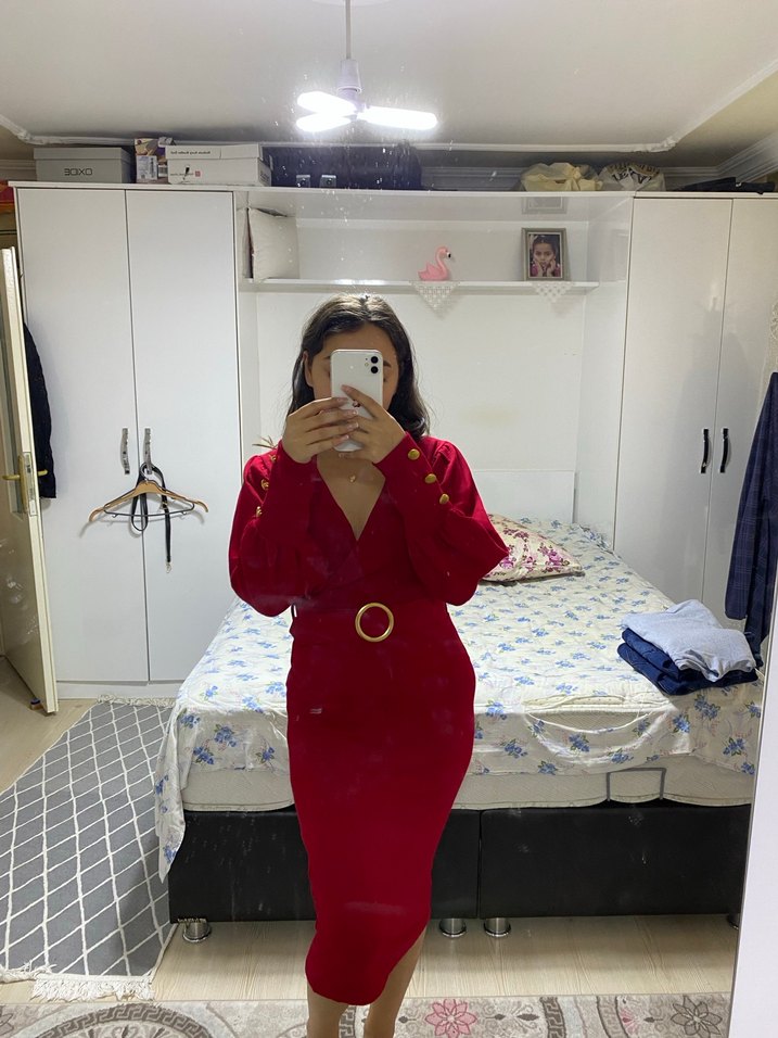 Kırmızı V Yakalı Uzun Kollu Midi Elbise
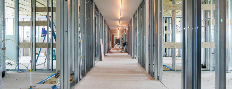 - De afbouw kan nu starten op een gestorte, vlakke vloer. Hierbij kan niet alleen geprofiteerd worden een vlakke werkvloer (perfecte aansluiting gipsplaat op vloer), maar ook van de mogelijkheid om maatwerk wanden in te zetten.
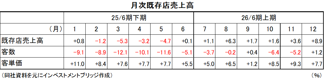- 26/6期中間期の売上高は前年同期比7.6%増の49億85百万円。SANKO店舗数の増加により1億60百万円、豊洲市場の大卸である綜合食品が1億75百万円の増収となった。飲食事業においては、「アカマル屋」がコロナ禍で変化した顧客ニーズにマッチするブランドとして成長している。水産6次化の強みを活かした新たな業態として、「まめたい商店」「まめたい寿司」に続き「とびっきり鮮魚」「まぐろと鮨と鮮魚」を開発した。営業損失は3億33百万円(前年同期は3億45百万円の損失)。利益面では、売上総利益率が「水産6次化」の進捗に伴う粗利改善やSANKO海商の粗利改善により前年同期34.6%から35.1%へ改善した。販管費率は人件費増とコスト増はあったが、前年同期42.1%から41.8%へ低下した。経常損失は3億7百万円(前年同期は3億14百万円の損失)、中間純損失は3億15百万円(同3億34百万円の損失)。既存店売上は、引き続き物価高騰による消費者の買い控えが続く中、水産6次化の付加価値商品の導入により客数が回復した。
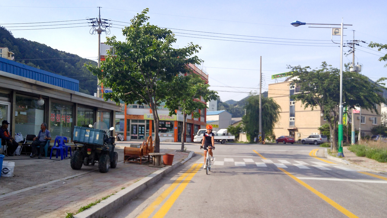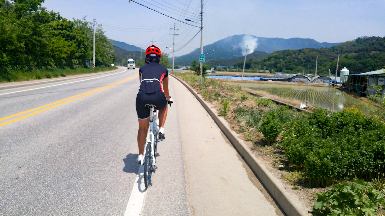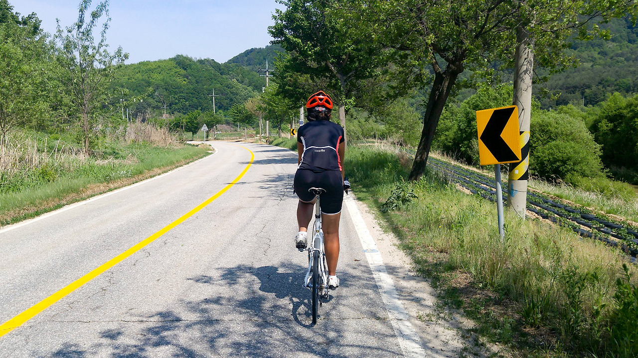 동면 들어가는 길은 꽤 넓어서 도로 옆의 갓길도 넉넉하다. 편하게 달린다.
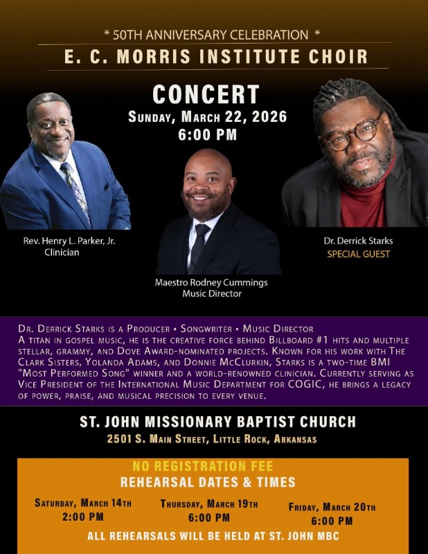 Choir Concert will be held at St. John Baptist Church, 2501 S. Main St., LR
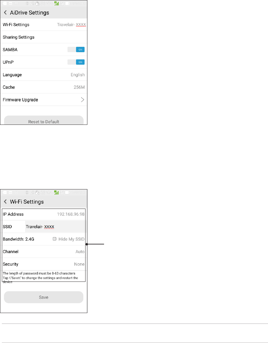 • Onyourmobiledevice,searchforandconnecttothenetworkTravelair-XXXX.
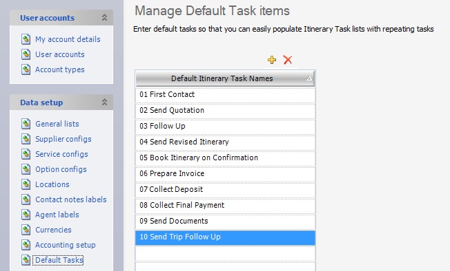 Default Tasks populate the Name field in the Tasks workspace on the Itinerary Tab (as seen in the image below). These act as a working checklist for each Itinerary.
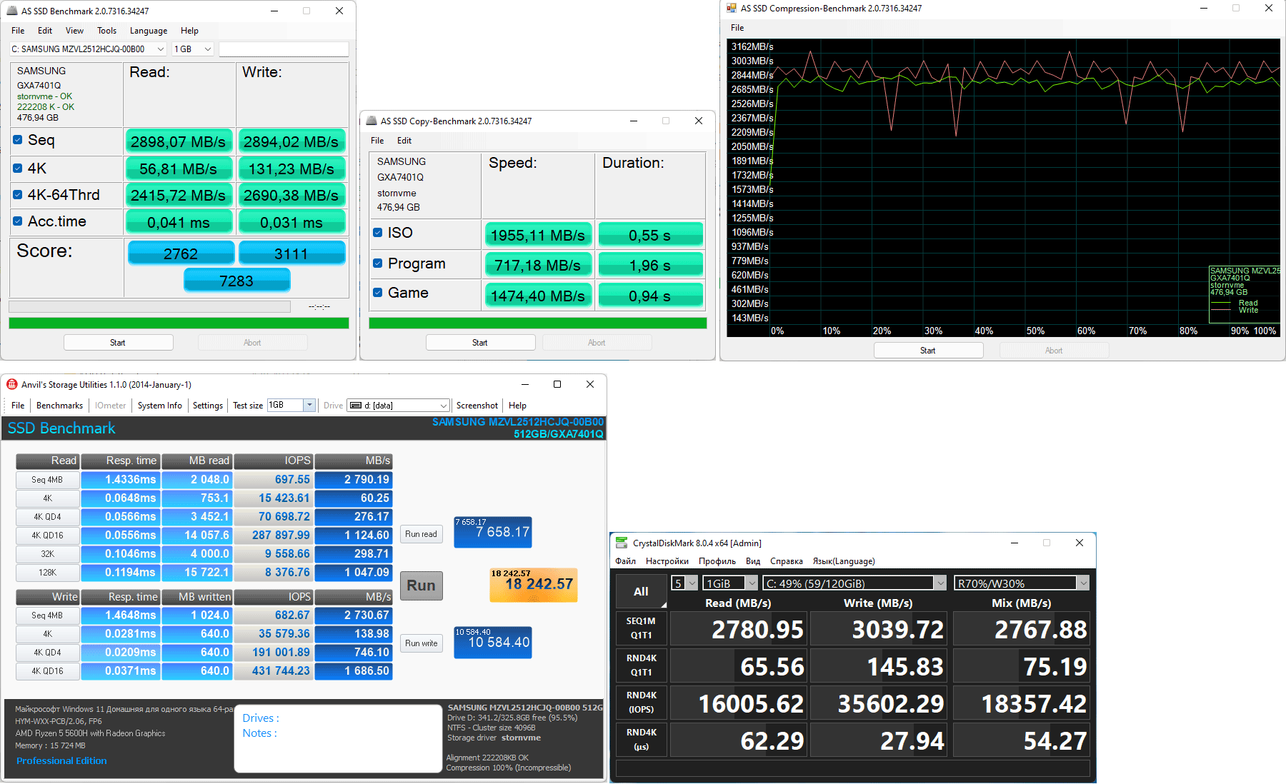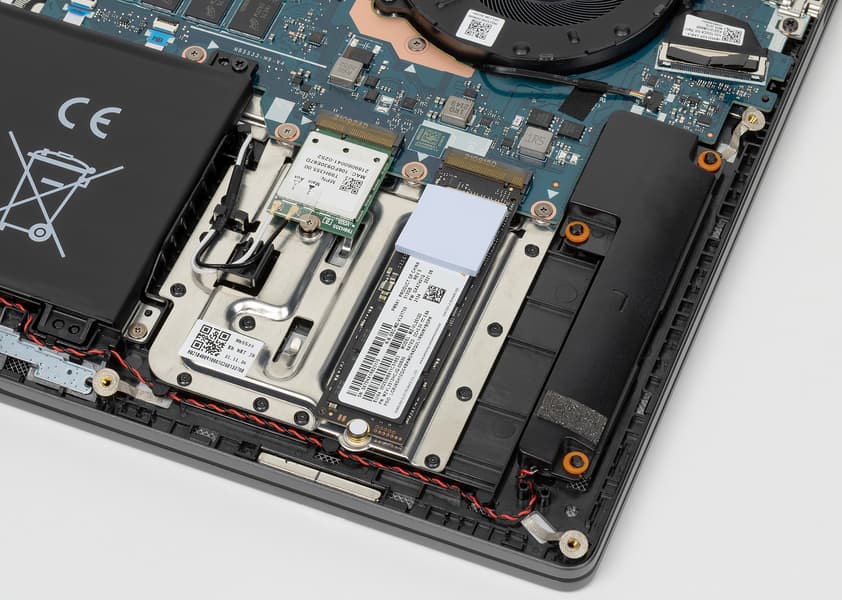 Шасси ноутбука оснащено только одним посадочным местом под накопитель (слот M.2), в котором установлен SSD с интерфейсом PCIe 3.0 x4 объемом 512 ГБ (модель Samsung MZVL2512HCJQ).

· · · · · · ·

Return all the lines above exactly; none of the pictures should appear.

## Final answer
 Kırmızı V Yakalı Uzun Kollu Midi Elbise
 - De afbouw kan nu starten op een gestorte, vlakke vloer. Hierbij kan niet alleen geprofiteerd worden een vlakke werkvloer (perfecte aansluiting gipsplaat op vloer), maar ook van de mogelijkheid om maatwerk wanden in te zetten.
- 26/6期中間期の売上高は前年同期比7.6%増の49億85百万円。SANKO店舗数の増加により1億60百万円、豊洲市場の大卸である綜合食品が1億75百万円の増収となった。飲食事業においては、「アカマル屋」がコロナ禍で変化した顧客ニーズにマッチするブランドとして成長している。水産6次化の強みを活かした新たな業態として、「まめたい商店」「まめたい寿司」に続き「とびっきり鮮魚」「まぐろと鮨と鮮魚」を開発した。営業損失は3億33百万円(前年同期は3億45百万円の損失)。利益面では、売上総利益率が「水産6次化」の進捗に伴う粗利改善やSANKO海商の粗利改善により前年同期34.6%から35.1%へ改善した。販管費率は人件費増とコスト増はあったが、前年同期42.1%から41.8%へ低下した。経常損失は3億7百万円(前年同期は3億14百万円の損失)、中間純損失は3億15百万円(同3億34百万円の損失)。既存店売上は、引き続き物価高騰による消費者の買い控えが続く中、水産6次化の付加価値商品の導入により客数が回復した。
 동면 들어가는 길은 꽤 넓어서 도로 옆의 갓길도 넉넉하다. 편하게 달린다.
 Choir Concert will be held at St. John Baptist Church, 2501 S. Main St., LR
 • Onyourmobiledevice,searchforandconnecttothenetworkTravelair-XXXX.
 Default Tasks populate the Name field in the Tasks workspace on the Itinerary Tab (as seen in the image below). These act as a working checklist for each Itinerary.
 Шасси ноутбука оснащено только одним посадочным местом под накопитель (слот M.2), в котором установлен SSD с интерфейсом PCIe 3.0 x4 объемом 512 ГБ (модель Samsung MZVL2512HCJQ).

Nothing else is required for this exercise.